Many Winners, Few Losers
No sooner had Standard Oil of California agreed to buy Gulf Oil than Wall Streeters began speculating on who would win, and who would lose, in the $13.2 billion deal. At the top of everyone's winners list was Corporate Raider T. Boone Pickens Jr. and his partners. Together with Pickens' Texas-based Mesa Petroleum, they acquired 13.2% of Gulf stock at an average price of $45 a share, and now stand to reap $760 million from Socal's takeover for $80 a share. Mesa alone will rake in $506 million.

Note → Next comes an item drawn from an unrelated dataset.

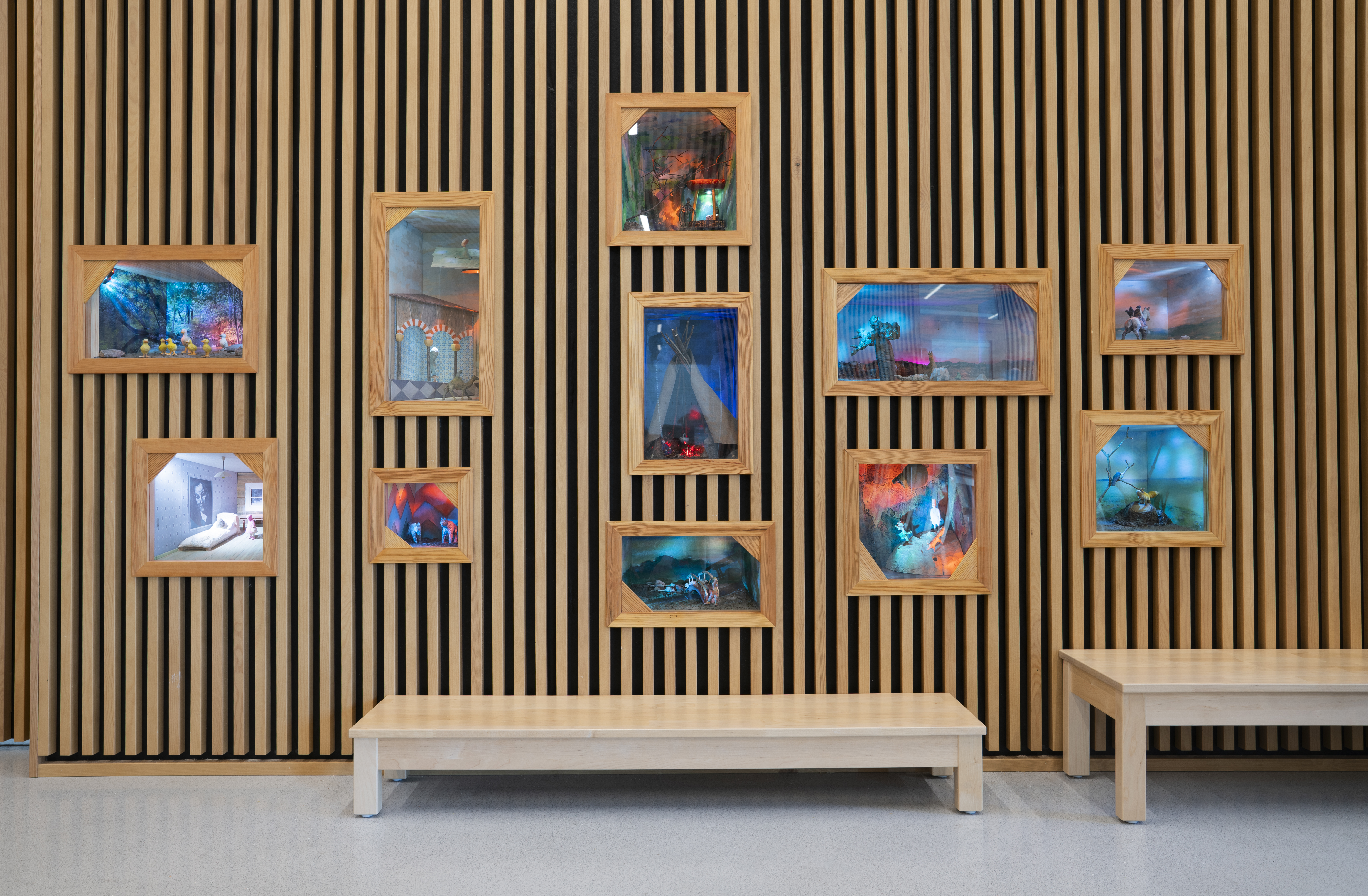 Jussi Valtakari and Antti Ylönen’s series ‘Once upon a time...’ fills the lobby walls at Daycare Aurinkokallio in Kannelmäki. The artwork features dioramas of different sizes, inspired by fairytales collected from around the world.

Gulfs top executives can also benefit mightily. Chairman James E. Lee, who steered his company to Socal in order to evade Pickens, could pick up some $10 million by exercising options to buy Gulf shares. A clutch of other officers can look forward to the same type of windfall. They include: President Edward Walker, $8.8 million; Executive Vice President Harold Hammer, $6.4 million; Executive Vice President Melvin Hill, $4.6 million; and J.L. Huitt, president of Gulf Oil Exploration and Production Co., $2.9 million.

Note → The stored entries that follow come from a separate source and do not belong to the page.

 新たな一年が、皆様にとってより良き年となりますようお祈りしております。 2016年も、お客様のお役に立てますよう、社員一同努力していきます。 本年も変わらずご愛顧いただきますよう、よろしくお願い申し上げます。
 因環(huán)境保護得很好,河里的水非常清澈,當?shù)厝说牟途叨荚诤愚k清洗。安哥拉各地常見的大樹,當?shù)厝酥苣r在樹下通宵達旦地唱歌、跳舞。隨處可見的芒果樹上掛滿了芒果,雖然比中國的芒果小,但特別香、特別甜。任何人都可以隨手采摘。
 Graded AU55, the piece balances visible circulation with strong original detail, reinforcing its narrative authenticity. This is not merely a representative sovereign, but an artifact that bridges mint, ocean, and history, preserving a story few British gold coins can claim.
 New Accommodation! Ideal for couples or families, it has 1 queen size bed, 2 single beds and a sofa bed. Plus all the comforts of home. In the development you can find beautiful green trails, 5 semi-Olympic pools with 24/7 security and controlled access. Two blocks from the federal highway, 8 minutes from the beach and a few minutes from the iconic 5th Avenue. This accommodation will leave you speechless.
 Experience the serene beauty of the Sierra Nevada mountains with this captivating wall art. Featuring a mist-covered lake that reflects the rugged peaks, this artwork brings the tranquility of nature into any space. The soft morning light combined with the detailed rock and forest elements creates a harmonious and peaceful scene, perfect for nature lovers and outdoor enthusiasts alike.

Nor will Gulfs 300,000 shareholders fare badly. They hold 165 million shares that since last summer have jumped in value from $40 to $80 a share, for a total gain of more than $6 billion. Says Donald Drapkin, a merger specialist with Skadden, Arps, Slate, Meagher & Flom, a leading New York City law firm: "Pickens created real value for Gulf shareholders in a stock that was stagnant before he arrived on the scene."
The moneymen who worked on the merger have been major winners too. Salomon Bros, and Merrill Lynch, Gulfs advisers, will split $46 million in fees. Morgan Stanley, Socal's investment banker, has received $1 million so far, and will be paid $15.5 million more when more than half the Gulf shares are acquired. And Bank of America, which arranged a $14 billion credit line to finance the buyout, will collect $500,000 for that service.
Of course, the deal is creating losers as well. Atlantic Richfield, for example, outbid by Socal for Gulfs stock, will have to pay several million dollars in fees to the 61 banks that raised $12 billion to support the Arco offer. Setbacks have also befallen investors, many of whom began selling their Gulf shares last week as the market turned against them, fearing that the merger would be blocked. Said one speculator: "We got hurt two days in a row on this. What's the sense of being right if you're losing money?"